### WHAT YOU HAVE TO DO
Write out again the lines from the line with "After school care" up to and including the line with "[경남도민뉴스=백형찬 기자] 거창군은", exactly as they stand below, and skip any picture.

### RECORD EXTRACTS
--- START ---
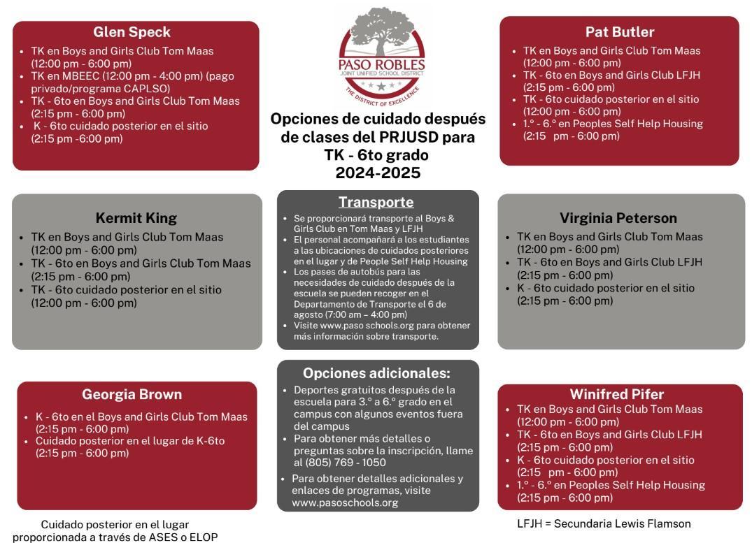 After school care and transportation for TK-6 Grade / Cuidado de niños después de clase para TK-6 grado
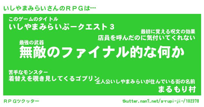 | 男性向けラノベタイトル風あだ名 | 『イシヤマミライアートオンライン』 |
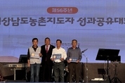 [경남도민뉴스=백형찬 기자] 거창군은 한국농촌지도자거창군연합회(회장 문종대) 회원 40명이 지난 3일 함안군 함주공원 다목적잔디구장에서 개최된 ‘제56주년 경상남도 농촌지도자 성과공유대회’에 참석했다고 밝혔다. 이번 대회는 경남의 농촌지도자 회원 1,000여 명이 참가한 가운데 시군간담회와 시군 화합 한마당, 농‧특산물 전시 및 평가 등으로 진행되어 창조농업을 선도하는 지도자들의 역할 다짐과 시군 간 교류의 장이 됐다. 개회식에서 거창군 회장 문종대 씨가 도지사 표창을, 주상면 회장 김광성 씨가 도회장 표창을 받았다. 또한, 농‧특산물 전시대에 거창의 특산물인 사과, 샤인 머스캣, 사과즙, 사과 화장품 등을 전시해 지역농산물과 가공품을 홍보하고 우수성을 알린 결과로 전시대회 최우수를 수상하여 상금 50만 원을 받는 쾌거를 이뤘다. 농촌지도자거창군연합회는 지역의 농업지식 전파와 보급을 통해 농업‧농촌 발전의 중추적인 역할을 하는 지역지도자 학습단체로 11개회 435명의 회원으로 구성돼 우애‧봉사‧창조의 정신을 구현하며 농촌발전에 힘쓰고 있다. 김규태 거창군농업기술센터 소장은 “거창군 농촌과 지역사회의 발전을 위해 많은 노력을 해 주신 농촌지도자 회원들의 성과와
--- END ---
--- START ---
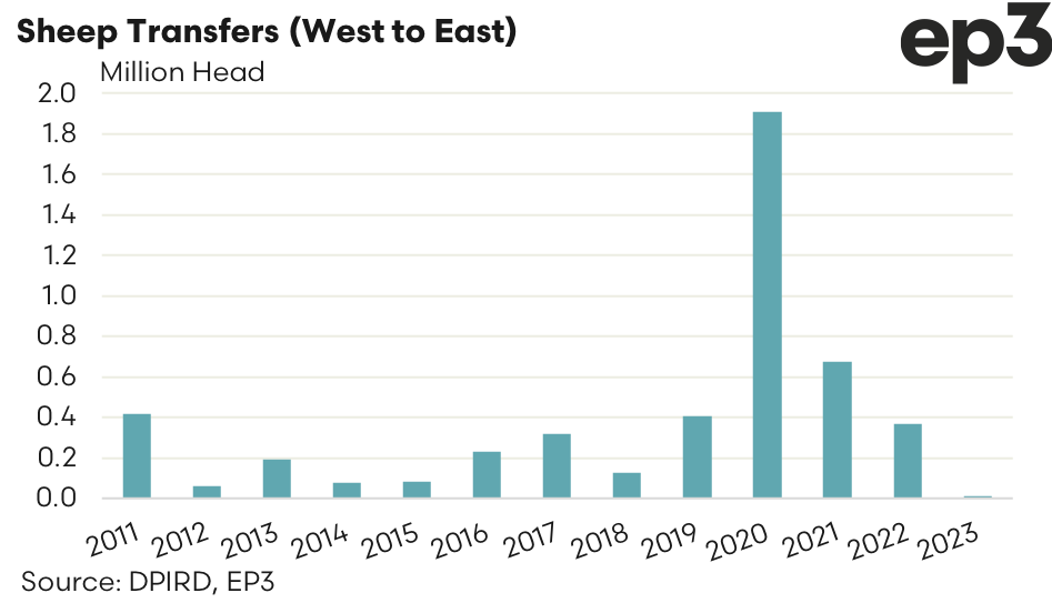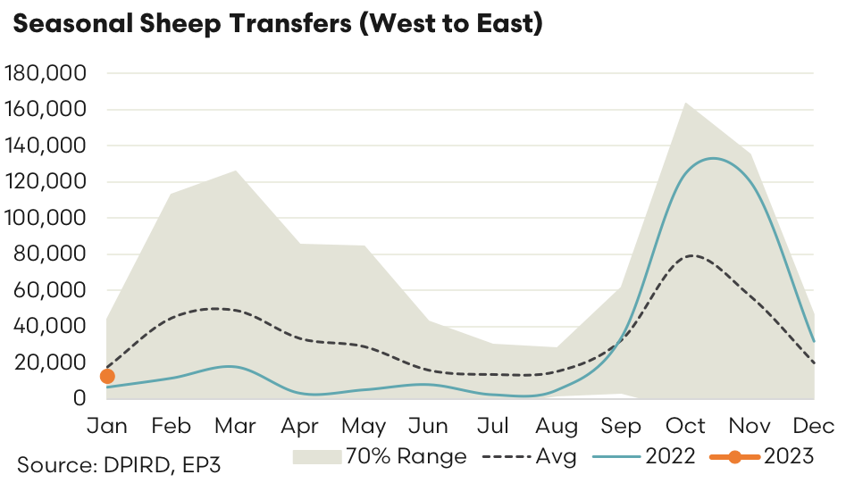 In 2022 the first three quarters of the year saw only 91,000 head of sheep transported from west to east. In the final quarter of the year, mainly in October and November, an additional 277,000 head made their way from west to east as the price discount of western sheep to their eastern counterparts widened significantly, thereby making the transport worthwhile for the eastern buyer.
--- END ---
### SOLUTION TO THIS PROBLEM
 After school care and transportation for TK-6 Grade / Cuidado de niños después de clase para TK-6 grado
 | 男性向けラノベタイトル風あだ名 | 『イシヤマミライアートオンライン』 |
 [경남도민뉴스=백형찬 기자] 거창군은 한국농촌지도자거창군연합회(회장 문종대) 회원 40명이 지난 3일 함안군 함주공원 다목적잔디구장에서 개최된 ‘제56주년 경상남도 농촌지도자 성과공유대회’에 참석했다고 밝혔다. 이번 대회는 경남의 농촌지도자 회원 1,000여 명이 참가한 가운데 시군간담회와 시군 화합 한마당, 농‧특산물 전시 및 평가 등으로 진행되어 창조농업을 선도하는 지도자들의 역할 다짐과 시군 간 교류의 장이 됐다. 개회식에서 거창군 회장 문종대 씨가 도지사 표창을, 주상면 회장 김광성 씨가 도회장 표창을 받았다. 또한, 농‧특산물 전시대에 거창의 특산물인 사과, 샤인 머스캣, 사과즙, 사과 화장품 등을 전시해 지역농산물과 가공품을 홍보하고 우수성을 알린 결과로 전시대회 최우수를 수상하여 상금 50만 원을 받는 쾌거를 이뤘다. 농촌지도자거창군연합회는 지역의 농업지식 전파와 보급을 통해 농업‧농촌 발전의 중추적인 역할을 하는 지역지도자 학습단체로 11개회 435명의 회원으로 구성돼 우애‧봉사‧창조의 정신을 구현하며 농촌발전에 힘쓰고 있다. 김규태 거창군농업기술센터 소장은 “거창군 농촌과 지역사회의 발전을 위해 많은 노력을 해 주신 농촌지도자 회원들의 성과와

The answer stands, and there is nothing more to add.